# John Owen PCA?



## TimV (Jul 12, 2009)

I was told tonight that John Owen wouldn't be allowed to be an officer in the PCA since he was a Congregationalist. I've not read much Owen, and wonder if anyone could please comment. If Owen were alive today could he be an officer in the PCA or OPC?
Thanks in advance.


----------



## raekwon (Jul 12, 2009)

Well . . . if he was a congregationalist, it's pretty doubtful he'd even want to be an officer in the PCA or OPC.

Reactions: Like 1


----------



## DTK (Jul 12, 2009)

TimV said:


> I was told tonight that John Owen wouldn't be allowed to be an officer in the PCA since he was a Congregationalist. I've not read much Owen, and wonder if anyone could please comment.

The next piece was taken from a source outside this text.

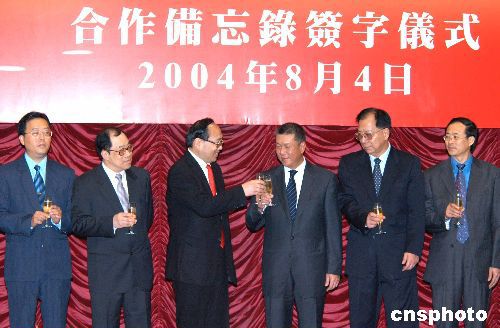 八月四日,中國(guó)人民銀行副行長(zhǎng)李若谷與澳門金融管理局主席丁連星在澳門特區(qū)政府總部多功能廳分別代表雙方簽署澳門銀行辦理個(gè)人人民幣業(yè)務(wù)合作備忘錄,澳門特別行政區(qū)行政長(zhǎng)官何厚鏵等出席簽字儀式。作者:梁永強(qiáng)

If Owen were alive today could he be an officer in the PCA or OPC?
> Thanks in advance.


I think that, from our perspective, the question is a bit anachronistic, but since he was a congregationalist, I think the proper question should be - would he even want to be identified with Presbyterians at all?

Remember the little anecdote about Owen when Cromwell sequestered him into his army as a chaplain and they arrived together in Glasglow, Scotland? There Owen found himself in a dispute with a young Presbyterian minister by the name of Hugh Binning, age 26, who managed to confound Owen and the other congregationalist, English divines with him.

DTK


----------



## Christusregnat (Jul 12, 2009)

DTK said:


> Remember the little anecdote about Owen when Cromwell sequestered him into his army as a chaplain and they arrived together in Glasglow, Scotland?



I wish I could say I did. Any recommended reading on this subject? Sounds fascinating.

Cheers,


----------



## DTK (Jul 12, 2009)

Christusregnat said:


> DTK said:
> 
> 
> > Remember the little anecdote about Owen when Cromwell sequestered him into his army as a chaplain and they arrived together in Glasglow, Scotland?
> ...


There's a brief reference to it in Thomson's _Life of Dr. Owen_ on p. XLV of the first volume of Owen's _Works_ as published by Banner of Truth Trust, as well as in Orme' _Life of the Rev. John Owen_. It's also often referenced in connection with almost any account of the life of Hugh Binning, though Owen's name is not always mentioned in particular with respect to this incident, Owen simply being among the English divines with whom Binning contended on this occasion.

DTK


----------



## TimV (Jul 12, 2009)

So as a Congregationalist of his day and type would he have objected to, say, TEs as part of their own church, or a legal structure like the GA? 

And would these objections to modern Calvinistic Presbyterianism have been such the he wouldn't have been allowed those exceptions to have become a deacons or elder?


----------



## Michael Butterfield (Jul 12, 2009)

Why would this question be considered anachronistic in our day? It seems quite relevant to our churches, because the simple fact is that John Owen could not be an office bearer in the PCA or OPC. He could not, if a truly convinced Congregationalist, take his ordination vows with any measure of integrity.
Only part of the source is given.